Data provided -
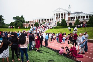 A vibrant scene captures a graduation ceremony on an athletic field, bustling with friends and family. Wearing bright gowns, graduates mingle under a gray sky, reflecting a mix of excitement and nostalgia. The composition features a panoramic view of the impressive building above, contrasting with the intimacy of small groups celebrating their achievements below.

...

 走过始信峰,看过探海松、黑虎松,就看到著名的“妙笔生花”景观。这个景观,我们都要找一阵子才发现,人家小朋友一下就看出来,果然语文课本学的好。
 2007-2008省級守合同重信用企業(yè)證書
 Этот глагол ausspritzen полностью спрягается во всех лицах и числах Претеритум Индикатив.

* * *

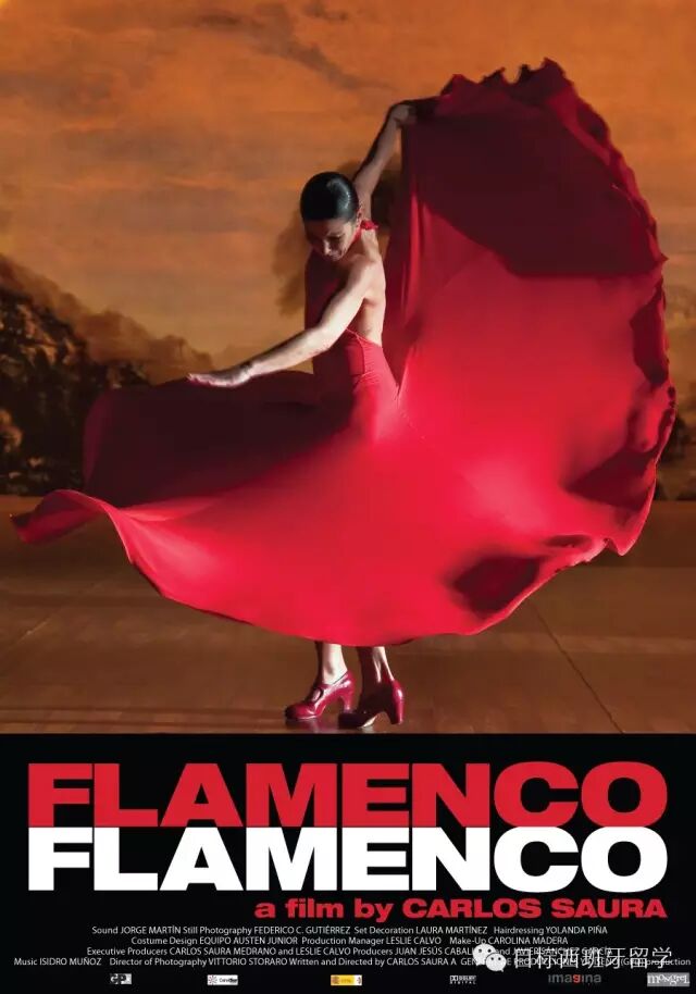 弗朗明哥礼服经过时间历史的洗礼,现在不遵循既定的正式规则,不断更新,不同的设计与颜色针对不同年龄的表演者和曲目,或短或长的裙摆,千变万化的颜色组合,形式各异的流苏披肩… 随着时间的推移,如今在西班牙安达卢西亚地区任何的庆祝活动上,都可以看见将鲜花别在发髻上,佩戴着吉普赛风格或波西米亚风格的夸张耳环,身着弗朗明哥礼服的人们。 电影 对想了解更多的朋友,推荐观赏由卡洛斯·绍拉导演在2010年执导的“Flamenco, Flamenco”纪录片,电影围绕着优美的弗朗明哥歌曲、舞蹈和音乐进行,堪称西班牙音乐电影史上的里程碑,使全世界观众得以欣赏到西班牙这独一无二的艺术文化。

Problem to solve -
Since only part of the listing is wanted, copy exactly the lines from the one holding "2007-2008省級守合同重信用企業(yè)證書" to the one holding "Этот глагол ausspritzen", both included.

Task solution -
 2007-2008省級守合同重信用企業(yè)證書
 Этот глагол ausspritzen полностью спрягается во всех лицах и числах Претеритум Индикатив.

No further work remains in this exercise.